TASK REQUIREMENTS:
Skip the pictures. Output only the lines below starting at the line with "Sultan Qaboos ist" and ending at the line with "揚げ物の油切りに: 適度に粗", both ends included, exactly as they are.

[SUPPLIED MATERIAL — start]

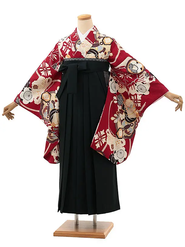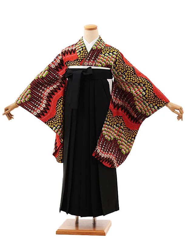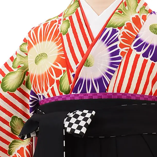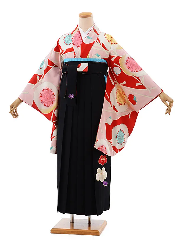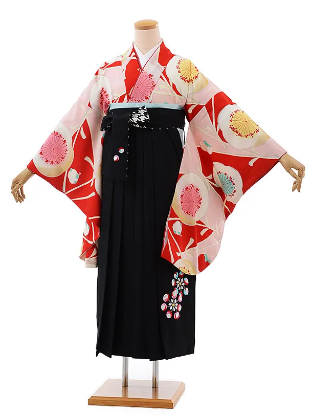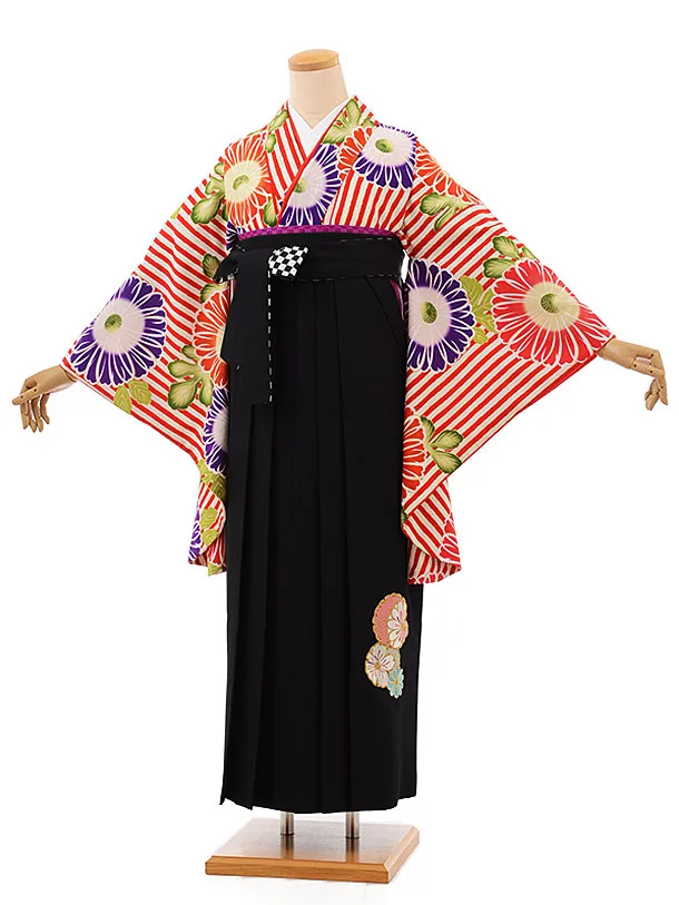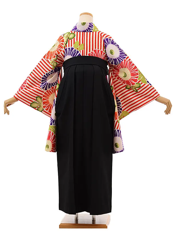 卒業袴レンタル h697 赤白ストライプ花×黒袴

[SUPPLIED MATERIAL — finish]
[SUPPLIED MATERIAL — start]

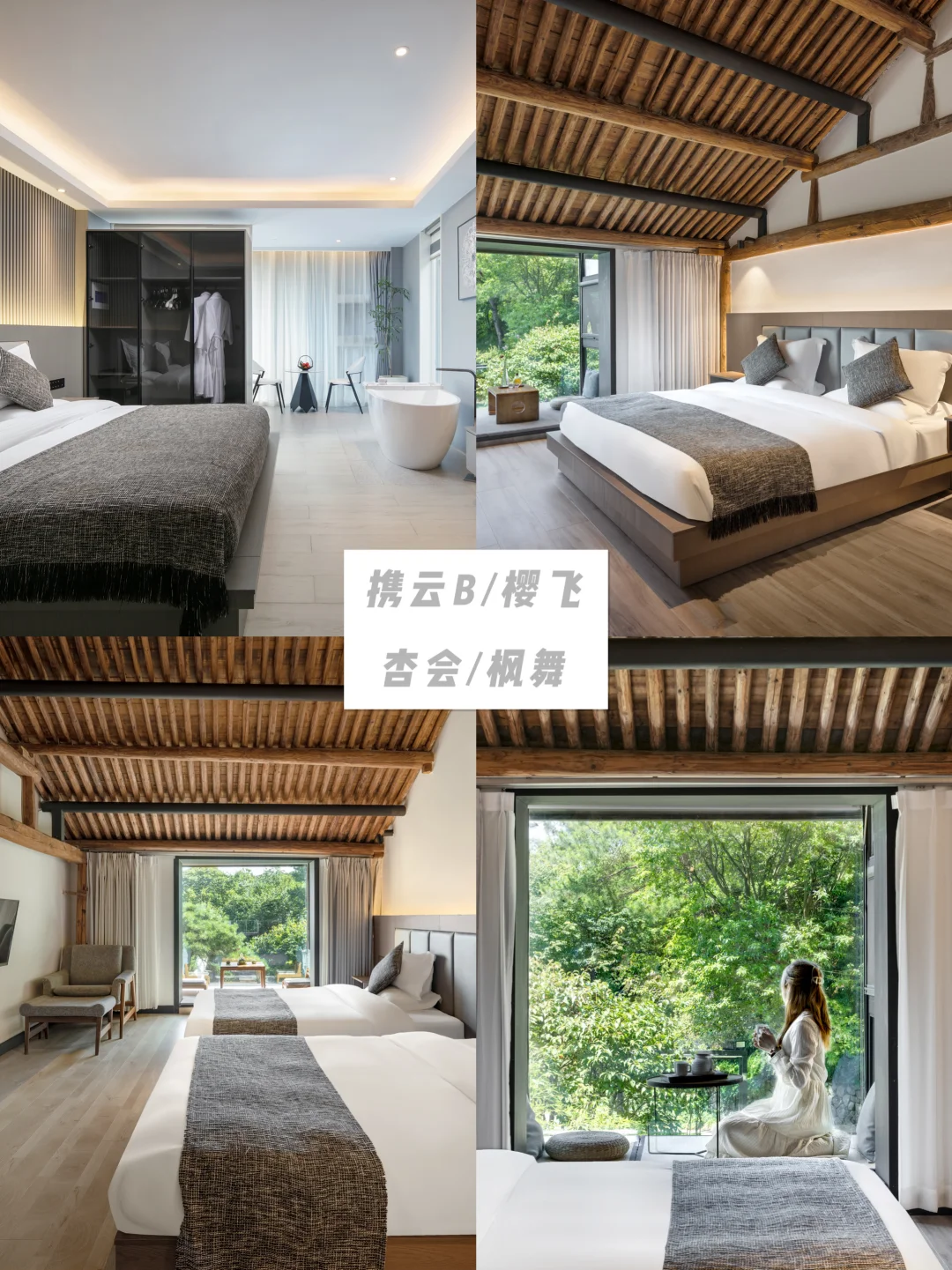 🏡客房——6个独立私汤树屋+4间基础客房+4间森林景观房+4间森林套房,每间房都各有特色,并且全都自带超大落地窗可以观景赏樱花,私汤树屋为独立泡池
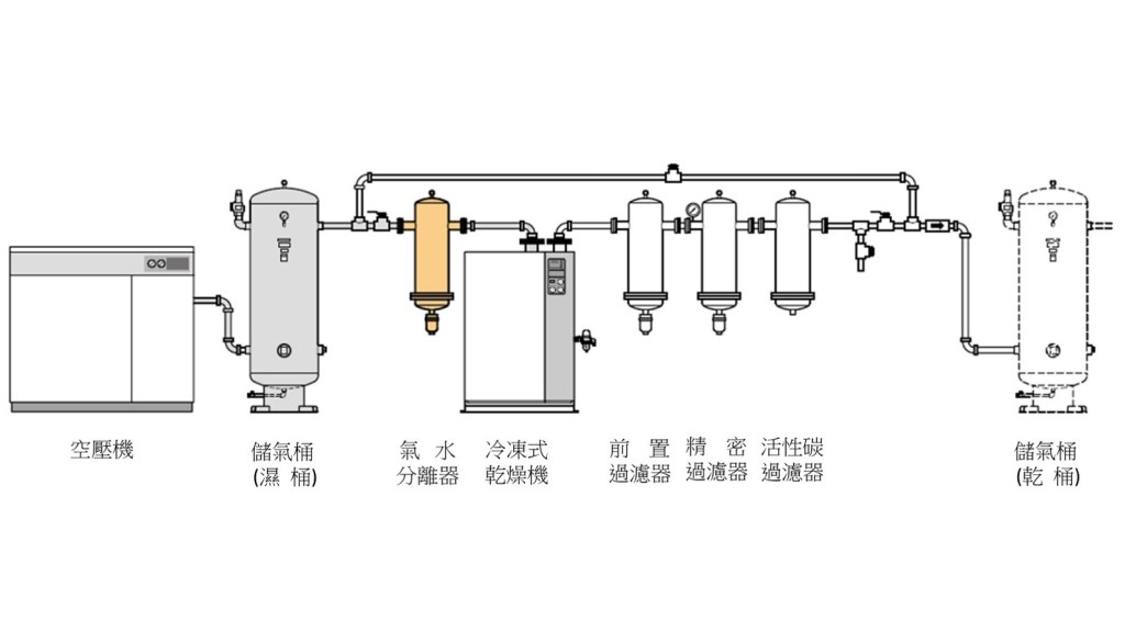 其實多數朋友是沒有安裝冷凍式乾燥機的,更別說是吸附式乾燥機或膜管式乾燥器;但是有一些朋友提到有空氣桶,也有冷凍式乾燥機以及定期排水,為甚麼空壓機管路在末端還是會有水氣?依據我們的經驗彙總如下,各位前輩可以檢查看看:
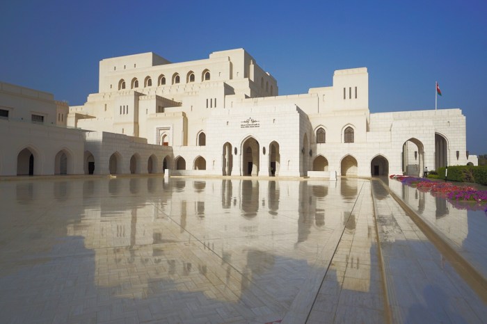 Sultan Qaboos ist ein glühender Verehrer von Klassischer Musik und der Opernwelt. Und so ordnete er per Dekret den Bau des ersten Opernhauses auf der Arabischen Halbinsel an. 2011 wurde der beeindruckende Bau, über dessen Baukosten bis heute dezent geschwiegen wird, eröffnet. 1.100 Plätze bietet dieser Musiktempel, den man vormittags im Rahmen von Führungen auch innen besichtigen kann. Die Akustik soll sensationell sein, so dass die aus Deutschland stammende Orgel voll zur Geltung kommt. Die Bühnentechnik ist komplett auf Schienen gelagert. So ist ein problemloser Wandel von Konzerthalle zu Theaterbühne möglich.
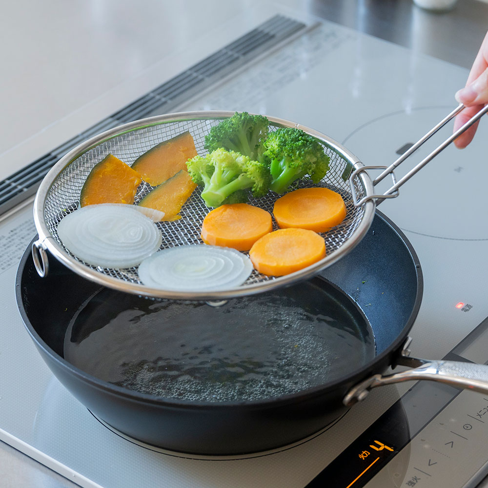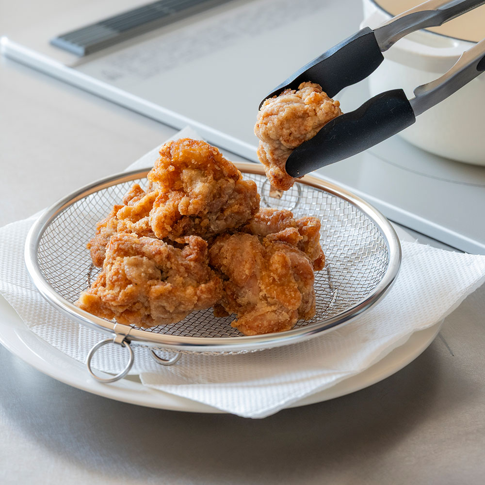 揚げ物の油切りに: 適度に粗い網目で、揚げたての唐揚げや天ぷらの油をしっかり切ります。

[SUPPLIED MATERIAL — finish]

OUTPUT:
 Sultan Qaboos ist ein glühender Verehrer von Klassischer Musik und der Opernwelt. Und so ordnete er per Dekret den Bau des ersten Opernhauses auf der Arabischen Halbinsel an. 2011 wurde der beeindruckende Bau, über dessen Baukosten bis heute dezent geschwiegen wird, eröffnet. 1.100 Plätze bietet dieser Musiktempel, den man vormittags im Rahmen von Führungen auch innen besichtigen kann. Die Akustik soll sensationell sein, so dass die aus Deutschland stammende Orgel voll zur Geltung kommt. Die Bühnentechnik ist komplett auf Schienen gelagert. So ist ein problemloser Wandel von Konzerthalle zu Theaterbühne möglich.
 揚げ物の油切りに: 適度に粗い網目で、揚げたての唐揚げや天ぷらの油をしっかり切ります。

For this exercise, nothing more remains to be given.